When I moved in with the children's Dad I really wanted a pet of my own, Mike had his dog Percy, I kept asking for a kitten, the answer was always no.  The one night, Mike was really drunk (!!!!) and I asked again, this time the answer came, "if you must!!"
 Needless to say I had learnt enough about this man to know to say nothing more in the morning.  He left for work, I had a day off, I headed for the postcards in shop windows and found a litter of kittens.
 I went to see them, two litters, born at the same time from two sisters.  An abundance of kittens ran around this room, all so friendly, not shy in any way....apart from one........who hid behind the washing machine.

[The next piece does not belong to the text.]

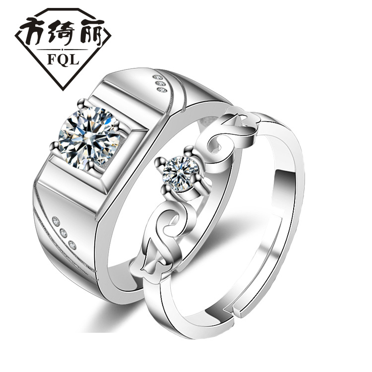 S925 silver platinum-plated pt950 classic six-claw couple ring female moissanite ring empty support one-piece delivery

And that, being me is the kitten I came home with, Cleo, who was meant to be a little girl, turned out to be a boy, who has been with me all my adult life.  And tonight my friend the vet will come and put him to sleep for me.

18 comments:

  1. What a beautiful, moving post. I have tears rolling down my cheeks because it echoes the situation I've been in many times and I know will be in for many times to come. The sadness you feel is a measure of the enjoyment you have received from sharing your life with Cleo. Thinking of you.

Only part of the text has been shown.